Your program should:
1. Read the name of the text file from the console.
2. Read in a text file, not all at once. (This can be line by line, word by word or
character by character.)
3. The file content must be converted to a sequence of words, discarding
punctuation and folding all letters into lower case.
4. Store the unique words and maintain a count of each different word.
5. The words should be ordered by decreasing count and, if there are multiple
words with the same count, alphabetically. (This ordering may be achieved as
the words are read in, partially as the words are read or at the end of all input
processing.)
6. Output the first ten words in the sorted list, along with their counts.
7. Output the last ten words in the list, along with their counts.
You must choose appropriate data structures and algorithms to accomplish this task.
Note: in the context of this assignment, appropriate choices will be efficient and
will not use excessive instructions or data.
Note: where a punctuation mark appears between two letters, the sequence is to be
treated as a single word. Thus, it’s will become its, you’ll will become youll
and loop-hole will become loophole.
Note: you can assume that the input file contains no more than 50,000 different
words.
Note: a small sample input file “sample.txt” is provided for you to test your program.
A larger text file will be used for final assessment.
Note: you may use any data structures or algorithms that have been presented in class
up to the end of week 4. If you use other data structures or algorithms
appropriate references must be provided.
Programs must compile and run under gcc (C programs), g++ (C++ programs), java
or python. Programs which do not compile and run will receive no marks.
Programs should be appropriately documented with comments.
All coding must be your own work.
Standard libraries of data structures and algorithms such as STL may not be used.
Code be sourced from textbooks, the internet, etc may also not be unless it is correctly
credited. In the event that you use code sourced in this way you will not receive marks
for that part of the program.
Marking Guide:
Programs submitted must work! A program which fails, to compile or run will receive
a mark of zero.
A program which produces the correct output, no matter how inefficient the code, will
receive a minimum of 50% of the program component of the mark.
Additional marks beyond this will be awarded for the appropriateness, i.e. efficiency
for this problem, of the algorithms and data structures you use.
Programs which lack clarity, both in code and comments, will lose marks.

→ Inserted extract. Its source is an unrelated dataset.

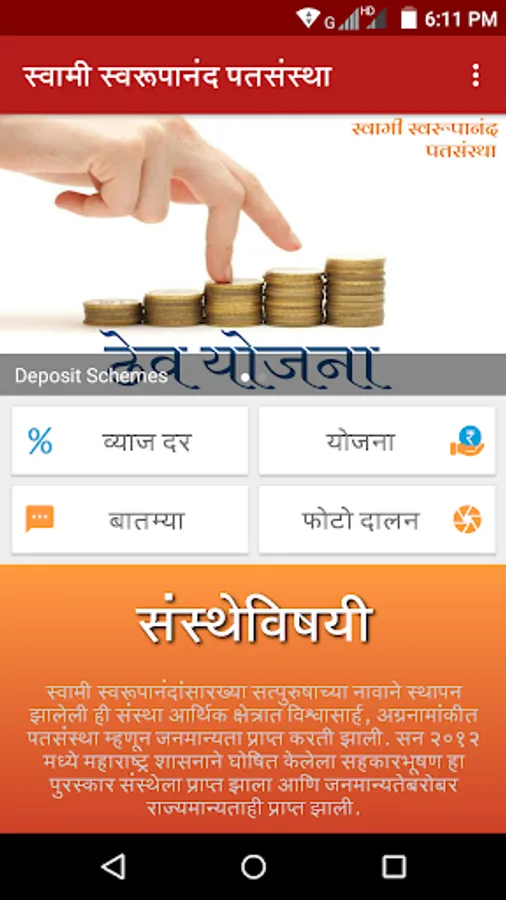 Founded in the name of Swami Swaroopanand, this institution was credited as a credible, prominent credit institution in the financial sector. In 2012, the society received the award "Sahkar Bhushan" declared by the Government of Maharashtra and got the status of statehood with public opinion.

The total mark will be determined based on both your code and the accompanying
design pdf document.
Submission:
Assignments should be typed into a single text file called ass1.ext where ext is the
appropriate file extension for the chosen language. A pdf file describing your solution
should also be produced. This file should contain at least:
1. A high‐level description of the overall solution strategy:
2. A list of all of the data structures used, where they are used and the reasons for
their choice.
3. A list of any standard algorithms used, where they are used and why they are used.
Submit via moodle. Your submission will consist of two files:
ass1.ext where ext is one of c, cpp, java or py.
ass1.pdf
Please note that incorrectly named submission files and .zip archives may not be
marked.